**Problem statement**
Starting at the line that contains "To commemorate the", write out every line to the end of the records below exactly, and leave out the pictures.
* * * * * * * * *
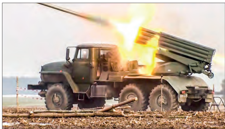
Given Russian troops’ superior weapons, air power and devastating use of artillery, Western defence analysts expect them to continue grinding forward.

The operation is coordinated by a mix of soldiers and civilians, mainly from NATO member countries, who have come to support Ukraine in its battle against a Russian invading force that is bigger and better equipped. — AFP ■
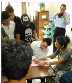
Egypt Awareness Workshop, St. Peter's School

To find even more AAC awareness activities worldwide, search #AACaware18 on Twitter.
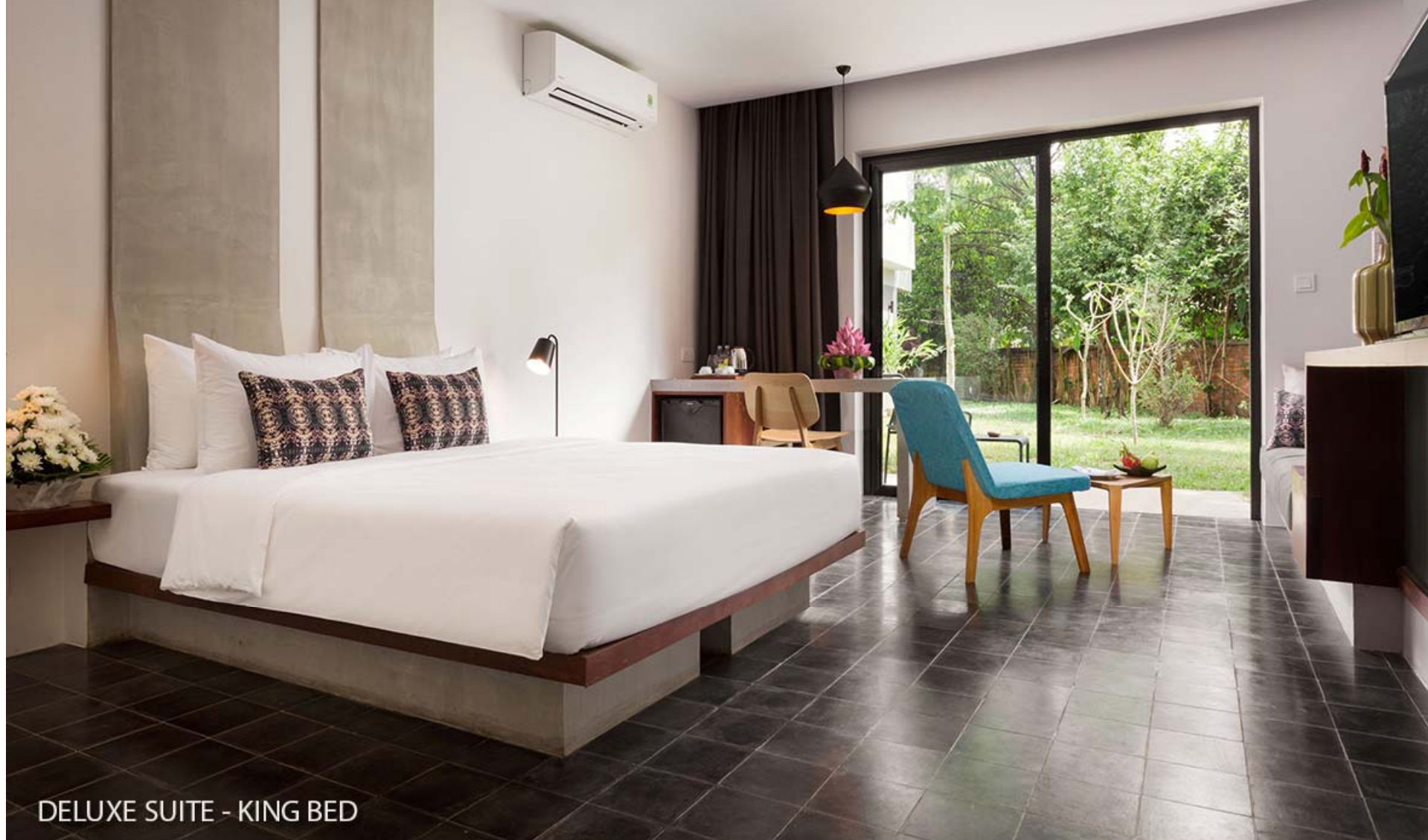
DELUXE SUITE - KING BED
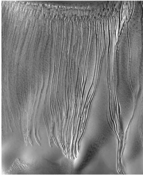
Figure 1. Linear gullies on the surface of a sand dune in the Russell crater on Mars. HIRISE image PSP_002904_1255 (25 cm/pixel). The image is 2 km wide.

water during the melting of snow and the interstitial ice [Larsson, 1982; Harris and Gustafson, 1993]. The melting of the active layer then represents the main source of liquid water. Debris flows are usually initiated when the critical shear stress is reached following the increase of fluid pressure within the weathered debris layer [Johnson and Rodine, 1984; Iverson, 1997]. Terrestrial studies also show that permafrost thaw can decrease the stability of hillslopes [Huscroft et al., 2003; Davies et al., 2001; Harris et al., 2001; Nelson et al., 2002; Pissart, 2005], particularly in the context of global warming. These climatic conditions could
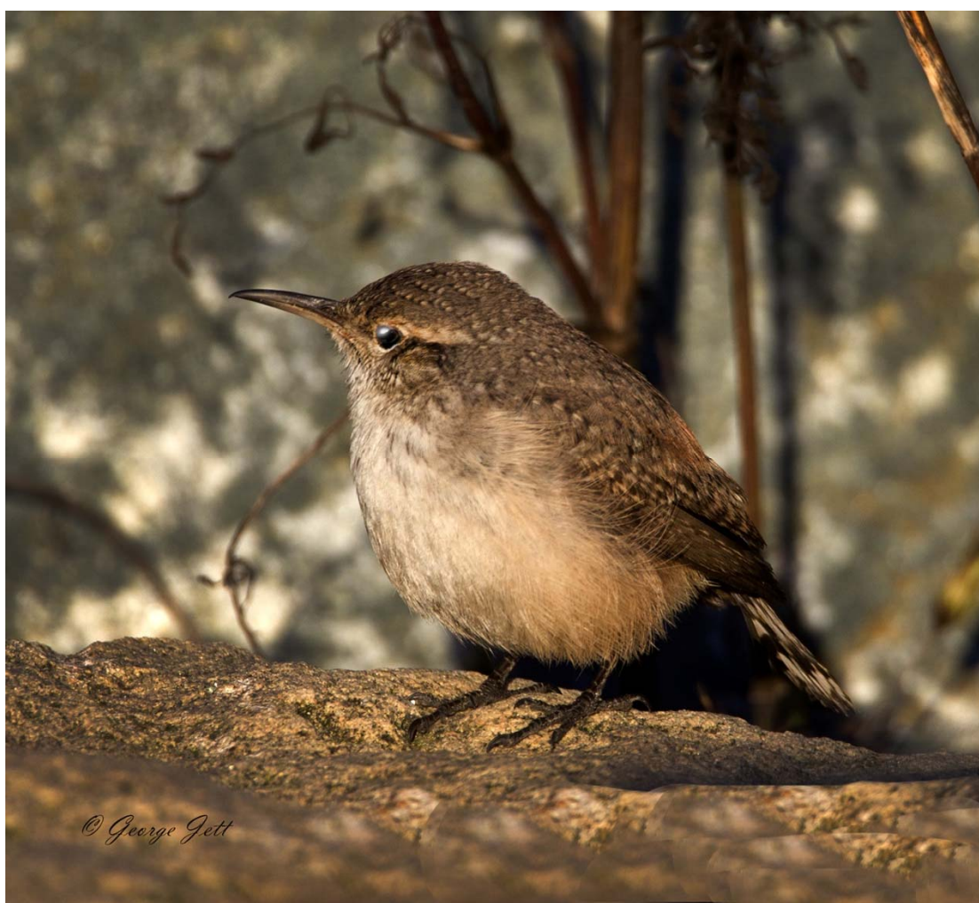
Rock Wren – Ocean City, Worcester County
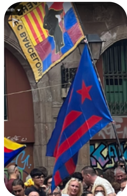
Fig. 4. The estelada blaugrana , carried during the ANC’s 2022 Diada march.

To commemorate the tricentennial of la Diada in 2014, Jordi Avià and Joan-Marc Passada designed the bandera negra (black flag), as seen in fig. 5. The designers explained in an interview that this new pro-independence flag represents the “all-out political combat position” of el Procés , a “fight without truce” for separatist ideals (Rocalva, author’s translation). Avià and Passada go on to describe, “The cross is the cross of Santa Eulàlia [co-patron saint of Barcelona], worn by soldiers in the War of Spanish Succession, and the star is that of the estelada ” (Rocalva, author’s translation).
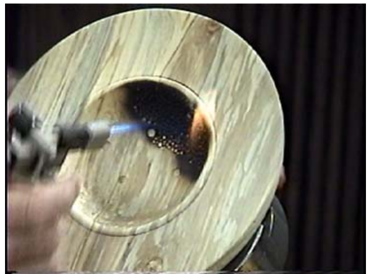
And some texturing & burning
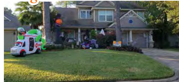
9307 Oratorio Court
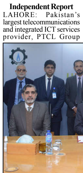
(PTCL & Ufone 4G), and largest integrated gas company of Pakistan, SNGPL have renewed their partnership for the continued provision of the state-of-the-art cellular services to SNGPL under PTCL Group Business

Independent Report LAHORE: Pakistan's largest telecommunications and integrated ICT services provider, PTCL Group
* * * * * * * * *
**Exercise result**
To commemorate the tricentennial of la Diada in 2014, Jordi Avià and Joan-Marc Passada designed the bandera negra (black flag), as seen in fig. 5. The designers explained in an interview that this new pro-independence flag represents the “all-out political combat position” of el Procés , a “fight without truce” for separatist ideals (Rocalva, author’s translation). Avià and Passada go on to describe, “The cross is the cross of Santa Eulàlia [co-patron saint of Barcelona], worn by soldiers in the War of Spanish Succession, and the star is that of the estelada ” (Rocalva, author’s translation).
And some texturing & burning
9307 Oratorio Court
(PTCL & Ufone 4G), and largest integrated gas company of Pakistan, SNGPL have renewed their partnership for the continued provision of the state-of-the-art cellular services to SNGPL under PTCL Group Business

Independent Report LAHORE: Pakistan's largest telecommunications and integrated ICT services provider, PTCL Group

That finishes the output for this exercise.